Slow decoding of a large typed array

dvzubarev commented 4 years ago

Hi, i was experimenting with typed arrays (decoding 13M array of floats). Here is my code: https://gist.github.com/dvzubarev/e153a437305066bb1aa1f4865bbbeb1d

I compiled with such flags: g++ -O2 -g -I ~/installed_thirdparty/jsoncons/jsoncons-0.143.1/include bench.cpp

It took 2s to decode typed array with float elements. I realize that it's not correct to compare with my naive python decoding code, but still its much faster: 0.025 s (see file bench.py).

My impl is suitable only for the specific case, and does not cover all cases like this library.
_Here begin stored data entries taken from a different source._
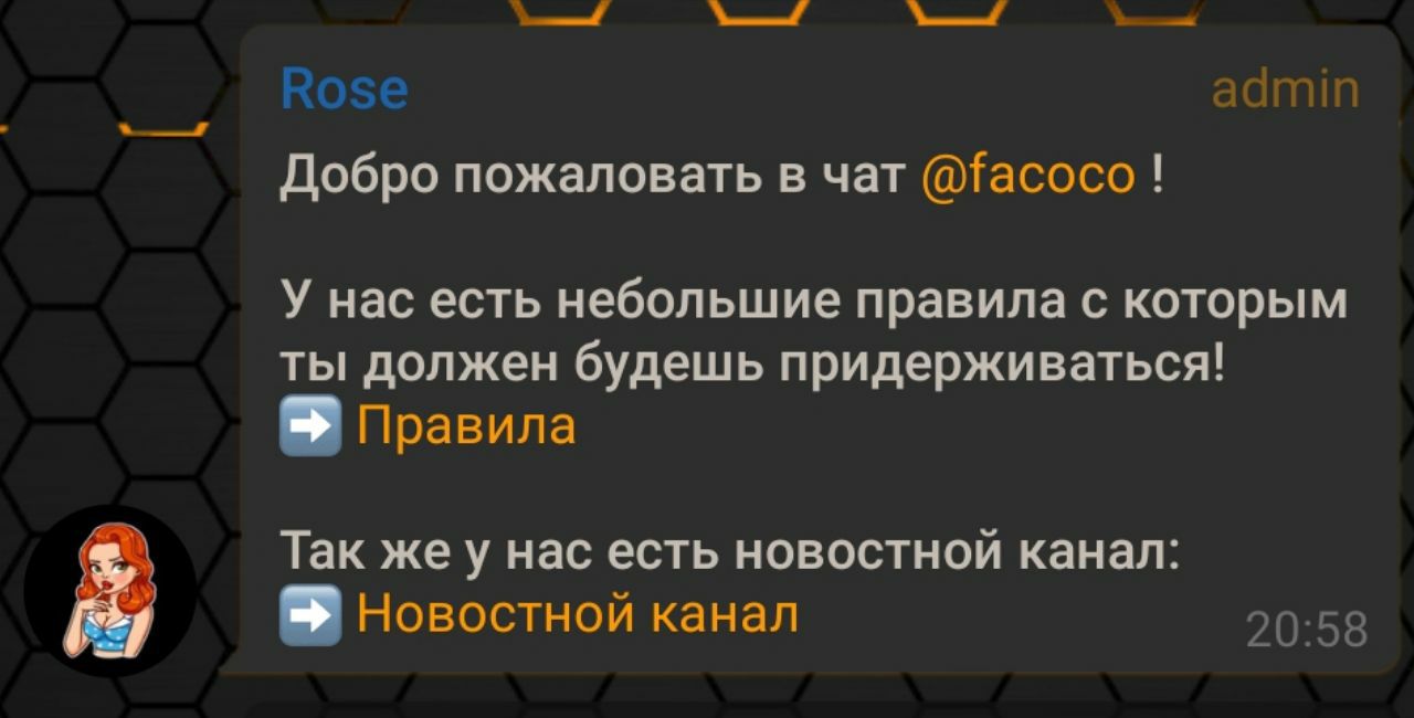 Да и правила есть, вон, бот об этом с порога верещит. Меня правда завесило еще до ссылки на правила.
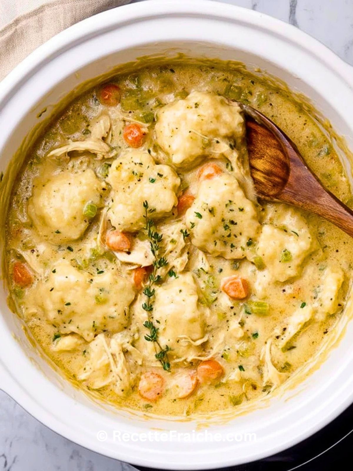 Utilisez un poulet déjà rôti ou poché pour aller plus vite et obtenir une texture encore plus tendre. Gardez aussi une sauce légèrement fluide avant d’ajouter les galettes, car elles absorbent une partie de l’humidité pendant la cuisson.
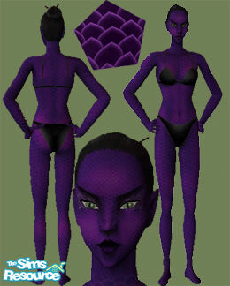 Purple scales cover the entire body (head included) from infancy on. Eyes also available.This is my first skin tone.
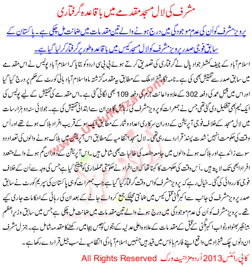 Musharaf Ki Laal Masgid Muqadme Me Baqaida Griftari
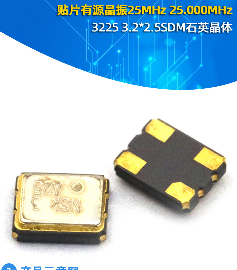 Dafuri SMD active crystal 25MHz 25.000MHz 3225 3.2*2.5SDM quartz crystal default
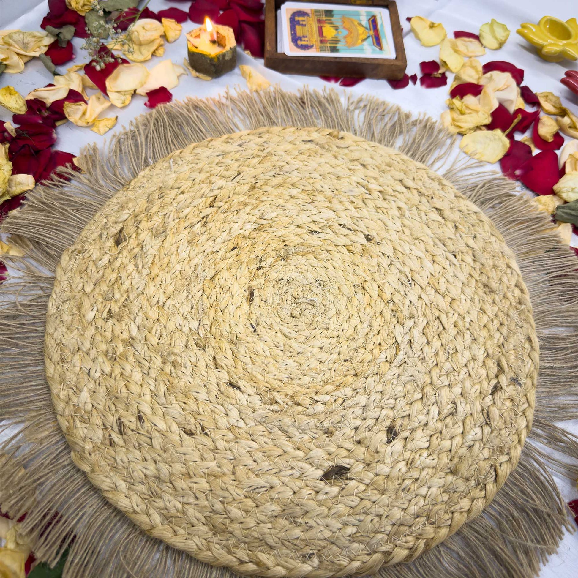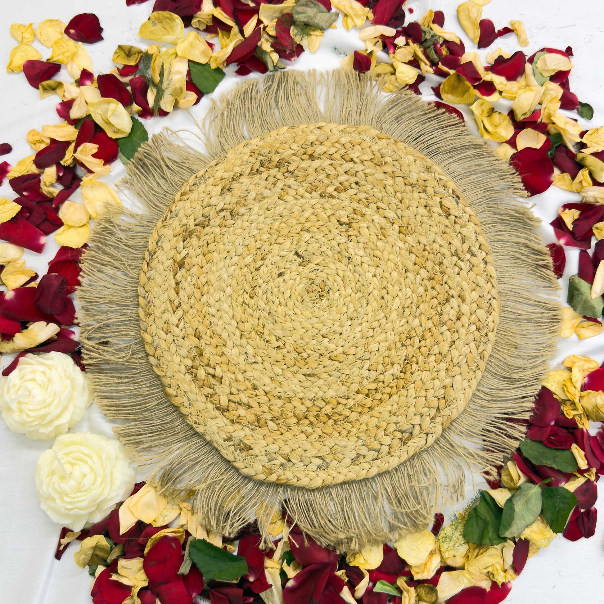 Fringe Pattern Jute Circular Border Dining Table Placemat (Pack of 2) – Eco-Friendly and Stylish
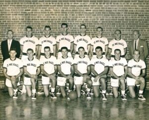 Caption: The 1957–58 “Iron Knights” Hall of Fame basketball team has lost three more members within the past year. Their legendary season will live on in St. Mike’s lore. Back row, third from left, Dave Mracek (Class of 1959); second from right (next to Doc Jacobs), Jim Browne (Class of 1960); front row, fourth from right, Ralph St. Peter (Class of 1959).
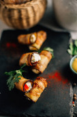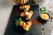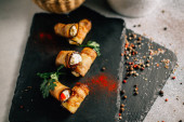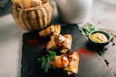 Bakłażan bułki z serem na kamiennej tablicy, widok z bliska
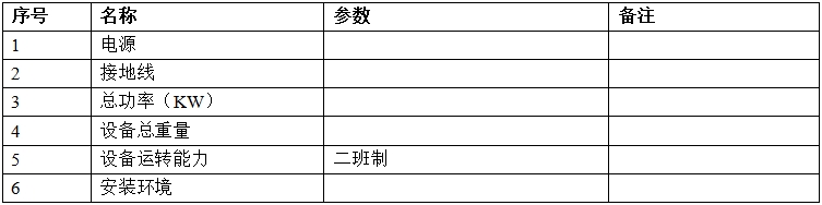 2.4設備其他技術指標:(需含設備總功率、電壓、電流、接口、環(huán)境溫度、場地等安裝環(huán)境有關要求)
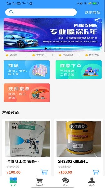 主要功能是涂料销售、喷涂加工等。分为商城、商家发单、技师接单几个模块。
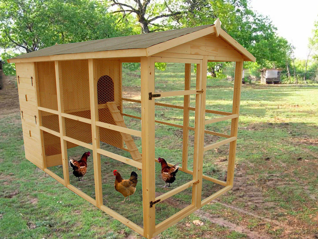 Poulailler de jardin 175x348x204 cm pour 8-12 poules en bois naturel
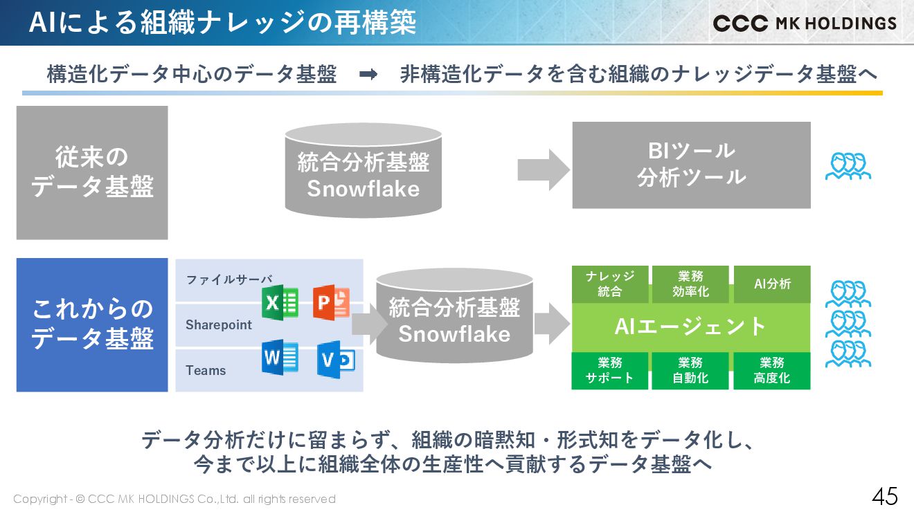 45 AIによる組織ナレッジの再構築 構造化データ中心のデータ基盤 非構造化データを含む組織のナレッジデータ基盤へ 統合分析基盤 Snowflake BIツール 分析ツール ファイルサーバ Sharepoint Teams AIエージェント 従来の データ基盤 これからの データ基盤 データ分析だけに留まらず、組織の暗黙知・形式知をデータ化し、 今まで以上に組織全体の生産性へ貢献するデータ基盤へ 業務 サポート 業務 自動化 業務 高度化 ナレッジ 統合 業務 効率化 AI分析 統合分析基盤 Snowflake
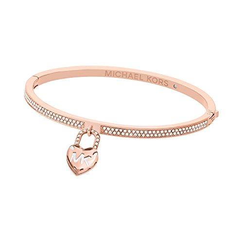 Michael Korsの洗練されたローズゴールドトーンのヒンジブレスレットは、パヴェのディテール、ハートロックチャームが特徴で、プッシュボタンで開閉します。
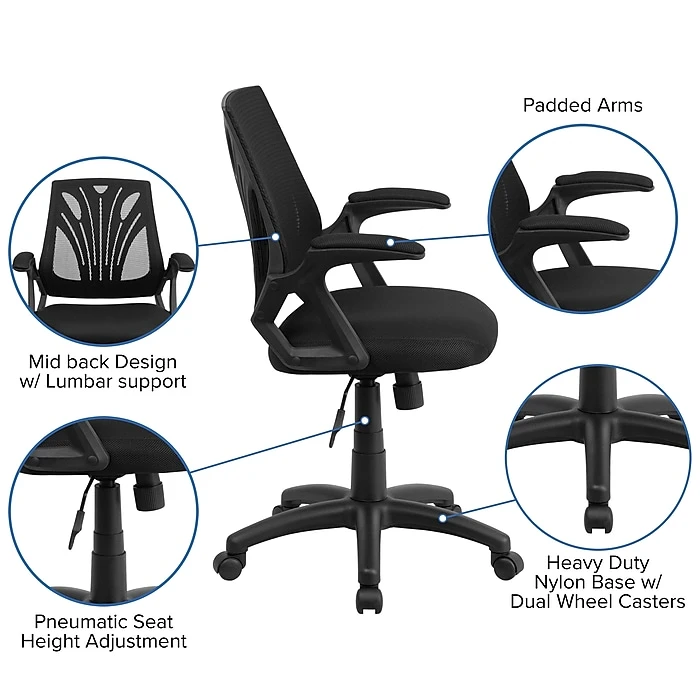 Mesh office chairs can keep you more productive throughout your work day with its comfort and ventilated design. The breathable mesh material allows air to circulate to keep you cool while sitting. The mid-back design offers support to the mid-to-upper back region. From behind the desk to the meeting room this chair can provide a seamless addition to your work space. The waterfall front seat edge removes pressure from the lower legs and improves circulation. Chair easily swivels 360 degrees to get the maximum use of your workspace without strain. The pneumatic adjustment lever will allow you to easily adjust the seat to your desired height.
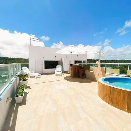 The spacious 1-bedroom Flat Em Cobertura Com Vista Para O Mar Cabo de Santo Agostinho is located approximately 7 km from Calhetas Beach and entices guests with a Jacuzzi. Of Coral Cove beach is situated within 10 minutes' drive of the apartment.
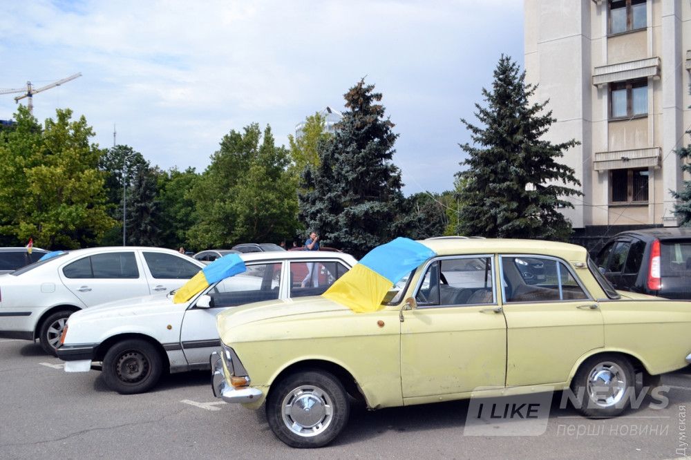 Нaдо скaзaть, большинство учaстников aкции приехaли нa aвтомобилях с укрaинской регистрaцией. Несколько человек приехaли нa стaрых советских мaшинaх.
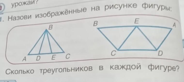 1. Назови изображённые на рисунке фигуры: в в ADEC C E A D Сколько треугольников в каждой фигуре? 5
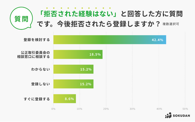 42.4%が「登録を検討する」、8.6%が「すぐに登録をする」と、合わせて半数以上が登録を検討したり、登録をする方向で考えている結果となりました。しかし、「公正取引委員会の相談窓口に相談する」18.5%や「登録しない」15.2%を合わせると、登録しない方針を維持する方も33.7%と3人に1人はいるという結果となりました。
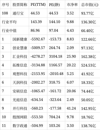 从行业市盈率排名来看,公司所处的软件开发行业市盈率平均143.39倍,行业中值86.96倍,通行宝排名第108位。
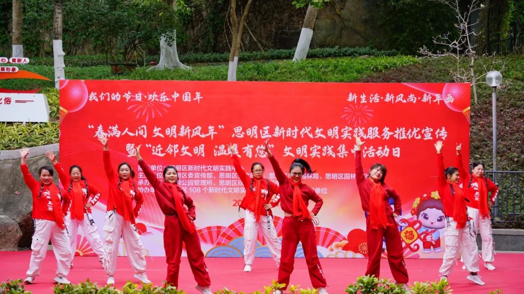 福建省厦门市思明区新时代文明实践中心开展“春满人间 文明新风年”主题活动。活动向市民朋友们呈现了丰富多样的文艺汇演,联动思明区辖内文明实践所、站设立文明实践摊位,为民众奉上新年春联、送福、非遗漆扇、红包拓印、暖心便民服务,展现文明新风貌。
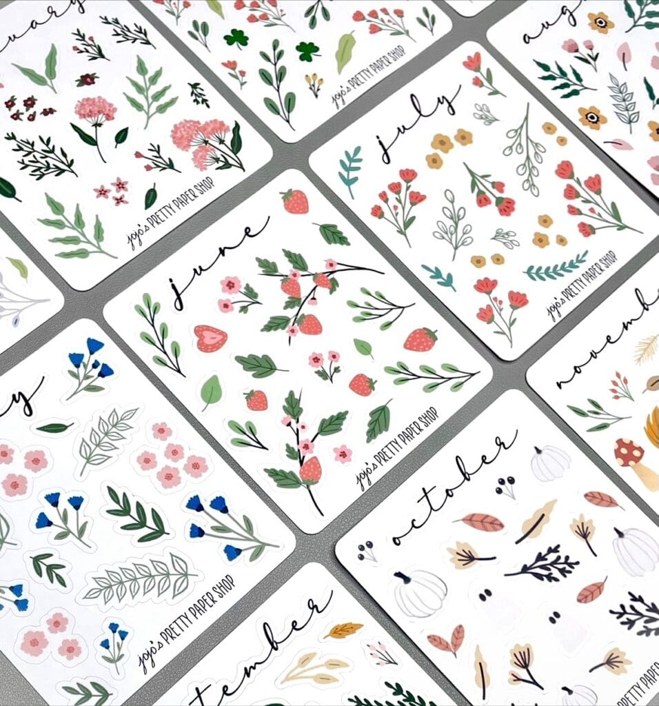Items: Hand-drawn original illustrations on sticker sheets, vinyl stickers, book trackers, blank cards, calendars, sticker books and Christmas ornaments
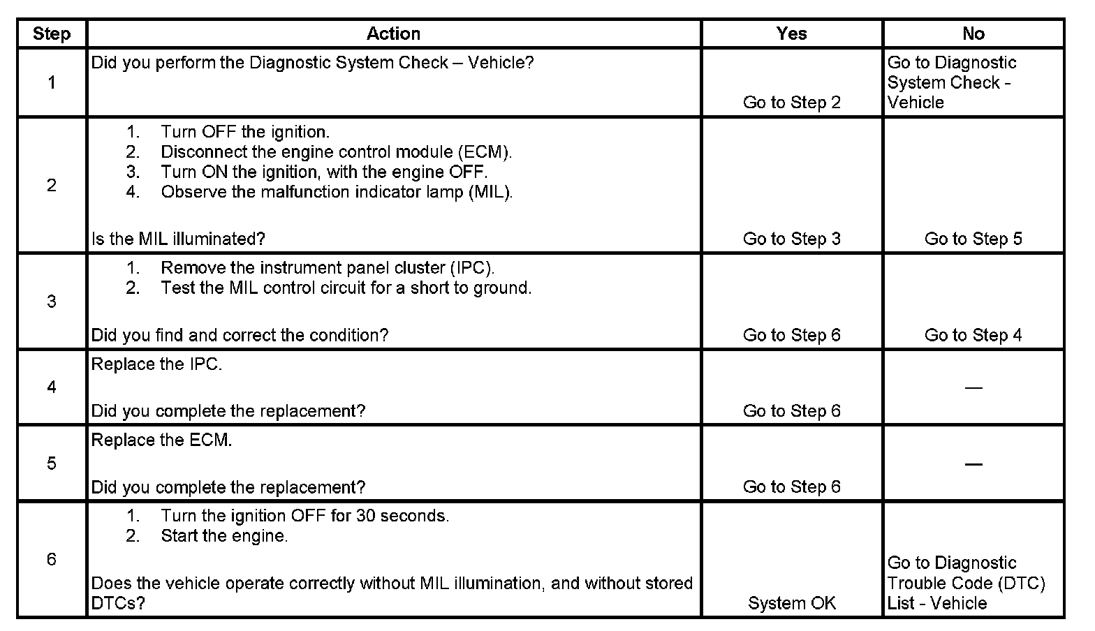 2. This step determines if the condition is with the MIL control circuit or the ECM.
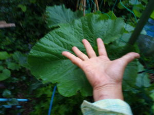 中: また大きい葉が出ました。私の広げた手の幅は22㎝位。
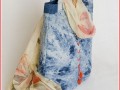 Elegantní kabelka vyrobená z žíhané džínoviny s drobnými dirkami v textuře. Na přední straně je zdobená provlečenou hedvábnou ručně barvenou šňůrkou a mačkanými korálky červené barvy. Velká je 32x28cm.

But looking into jsoncons code, I noticed that typed arrays are treated element-wise like ordinary cbor arrays in decode function in ser_traits struct (when is_typed_array == true). I've added v.reserve(13100100) to this function and this change already speeds up decoding considerably. But I'm not sure that it's possible to get the array length at this stage.

My question is: is it possible to process typed array not element-wisely? I think it should greatly speed up decoding.

The same question applies to endiannes converting code in cbor_parser.hpp. AFAIU, there always occurs an element-wise copy of the whole array in cbor_parser.hpp when converting to native endiannes. Is it possible to skip this conversion altogether when decoding LE floats on little-endian machine?

danielaparker commented 4 years ago

Thanks for the feedback. Will investigate.

ecorm commented 4 years ago

It seems the is_typed_array specialization of ser_traits calls ser_traits_default::decode for each element. ser_traits_default::decode ends up instantiating a json_decoder for each element. Perhaps these instantiations are the bottleneck, and the json_decoder needs to be hoisted out of the loop.

danielaparker commented 4 years ago

For your case where endiness and type are compatible between the CBOR typed array and the output vector, it should just be a resize and a memcpy. I should have that up on master in the next day or two.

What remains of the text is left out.